As Europe expanded into the new world, Barbados became an English colony in the mid seventeenth century. It became an important producer of sugar cane and the need for labour meant that many slaves were brought from Africa to work on the sugar plantations.
In 1807, trading in slaves was abolished in the British Empire but not slavery itself.
Whilst there had been some minor slave revolts in Barbados, the largest rebellion in the island's history took place in 1816. The rebellion involved twenty thousand slaves from over seventy plantations. The revolt failed and 120 slaves were killed in the fighting and 144 were executed following trials. The revolt was led by the Bussa, the head driver on Bayley’s Plantation in St. Philip. Bussa died in the fighting and became one of Barbados' national heroes. His statue now stands at Emancipation Roundabout on the island.

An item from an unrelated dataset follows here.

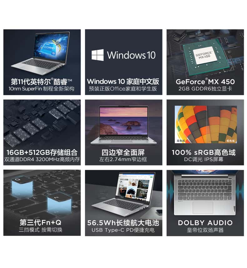 联想小新Air14 2021 英特尔酷睿i5 轻薄笔记本电脑14英寸全面屏i5-1135G7/16G/512G/MX450
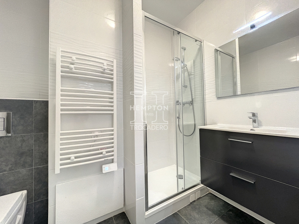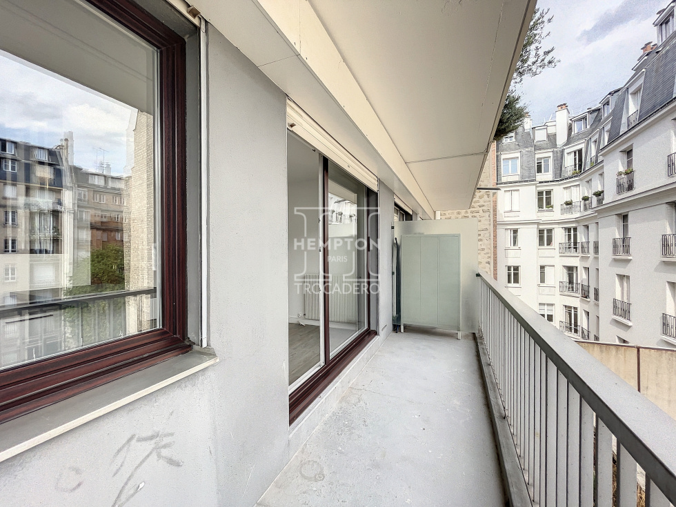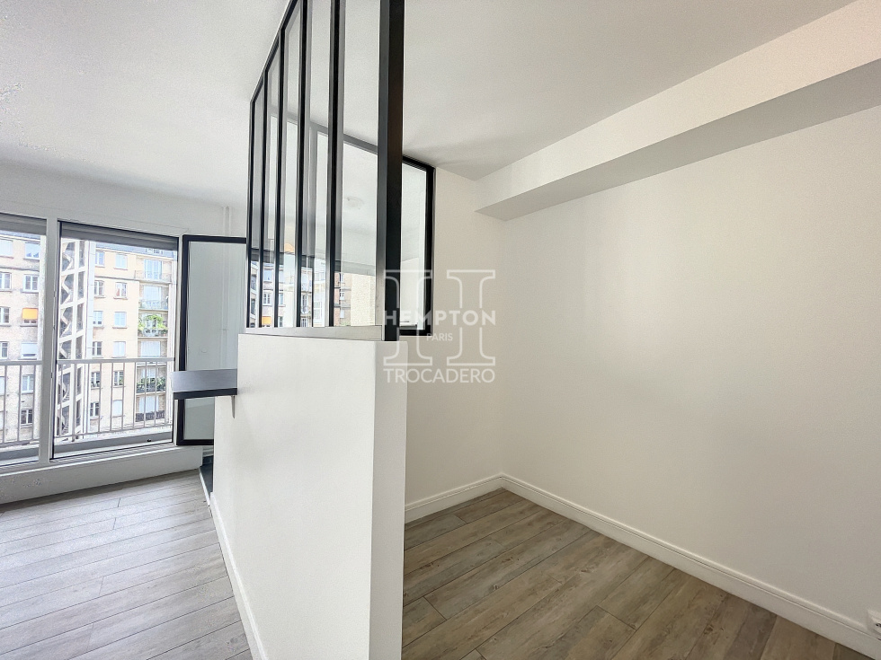 Hempton Paris Trocadéro vous propose un beau studio de 32m² se trouvant^ au 4° étage d'un immeuble datant des années 80. Il se compose d'une entrée avec placards, d'une pièce principale avec cuisine américaine aménagée et équipée, d'un coin nuit cloisonnée, d'une salle d'eau avec WC et d'un long balcon de 7m pouvant accueillir un canapé d'extérieur, une table et des chaises.

Slavery was finally abolished throughout the British Empire by the Slavery Abolition Act 1833, which came into effect on 1 August 1834.
Despite slavery having been abolished, until 1838, there was a four year apprenticeship period during which the newly free men continued to work without pay in exchange for living in huts provided by the plantation owners.
A ceremony celebrating the emancipation of the slaves is held at Bussa's statue. There are parades, speeches, and demonstrations by school children. Other celebrations include the Emancipation Day Walk, Beach Fest, and Village Fest.